Oh, that’s harsh isn’t it? Well, sort of, I guess, let me explain. I admire how online e-tailers have set up review systems for products – and believe me, I check them out when I’m buying electronic devices, books by new authors, and other things that I might not have familiarity with. But I’m reading the reviews that consist of more than one sentence – and if none of the five star, four star, three star, two star, or one star ones qualify their impressions beyond “I loved it” “I hated it” – I figure that either the manufacturer and/or author has drummed up support in a way that isn’t quite by the books (ha ha) or that there might be a campaign to negate a book or product, so I look to those reviews that actually “say” something.
If you’re encouraged by an author / manufacturer to leave a review, DO! However if an author / manufacturer encourages you to only leave a five star review, even by implication, run fast and furiously the other way.
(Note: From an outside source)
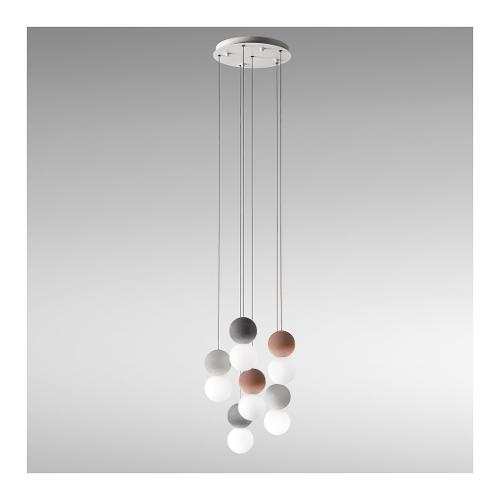 Forme geometriche perfette danzano in un gioco di altezze e materia generando un design unico e personalizzabile. Una collezione definita da più elementi che compongono delle sospensioni ben strutturate, da collocare a diverse sommità, in cui ogni punto luce si caratterizza per un elemento in materiale cementizio e un diffusore sottostante in vetro borosilicato, soffiato, bianco opaco. Evoluzione continua

They’re not looking for honest feedback then – and that’s just sad, because some way, some how, they know their product (whatever it might be) doesn’t really hold up to honest and open scrutiny – whether they admit it to themselves or not.
Speaking of reviews, Sunday was a red letter day for romances with the appearance of the New York Times Book Review’s special Love Stories issue and Sarah MacLean’s review of four romance novels.
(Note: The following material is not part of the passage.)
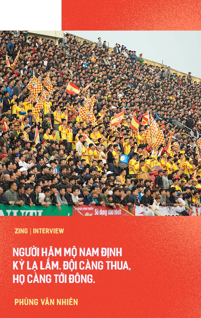 Bạn phải đứng trên thảm cỏ sân Thiên Trường, phải lắng nghe tiếng trống, nghe tiếng cổ động viên thành Nam, bạn mới hiểu tôi thèm điều đó thế nào. Người hâm mộ Nam Định kỳ lạ lắm. Những nơi khác, đội thắng, đua vô địch, cổ động viên mới tới sân. Còn nơi này, đội càng thua, cổ động viên càng đến đông. Người ở đây xem bóng đá bằng tình yêu chân thật, chẳng cần điều kiện nào.

Yes, New York Times Book Review “The Shortlist” was all Sarah’s and she offered reviews of Sherry Thomas’ The Luckiest Lady in London, Kristan Higgins’ The Perfect Match, Tracy Ann Warren’s The Last Man on Earth, and Karen Rose’s Watch Your Back (yes, historical, contemporary, and romantic suspense all covered in one great round-up). Now, the real test will be to see reviews like this appear in non-Love Story, non-Valentine’s Day-themed issues, but Sarah broke the proverbial glass ceiling. CONGRATULATIONS!
So, these musings are from an editor who will be writing and posting some reviews in a bit. Who’s been reading some seriously fun and interesting romances as well as having some fun pondering the why behind reading them. If any of these sentiments resonate with you, let me know. Please give me your honest feedback in the comments, shoot me an email, or find me on Facebook.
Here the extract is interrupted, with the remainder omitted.